Mountain Goat wrote:
The big struggle are the energy loss shut down things. They are annoying as when they happen I find they stop me or limit me doing physical things. Other times when I don't get them so much I am strong which gives the impression that there is nothing wrong with me.

Yes. I could do with writing down the issues just incase I forget, or I find I clam up. I don't often clam up, but it is better to be prepared. The other things I mentioned are not big issues... Small things really.


Mountain goat, I totally agree with Jimmy m his previous comment!! [Mountain Goat, I think you are overthinking this. Remember you are in a home filled with Aspies. We are all strange and weird.]

Personally, when I was young, I was unpopular because I was too different. After working out big time, practicing martial arts... I became more self confident. My mask was formed, and with lots of masking, I'm able to almost pass as normal. However this is not possible long term (huge drain on my energy resources).

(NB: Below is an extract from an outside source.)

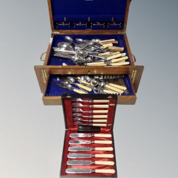 An antique cutlery canteen retailed by Goldsmiths Company of Newcastle containing part plated and stainless steel cutlery service

I'm trying to drop my mask, because burning out because of the energy expense of passing has made me almost suicidal in the past.

Maybe we should stop masking?
Benefits are: it is a huge and powerful tool in the selection of REAL friends. (That accept you who you are).
Another benefit: no need to worry about acting as normal as possible?

Your self worth should not depend on what other people think about you! I understand the cycles you are going through and I think I understand what you're going through, I really relate to this!

Regarding what you wrote about your online appearance (in the first post), don't be afraid that you're repeating yourself. (You're in an autism forum...) I have read lots of your posts, and I consider your posts to be very informative, well written, and a useful contribution to the debates on this forum!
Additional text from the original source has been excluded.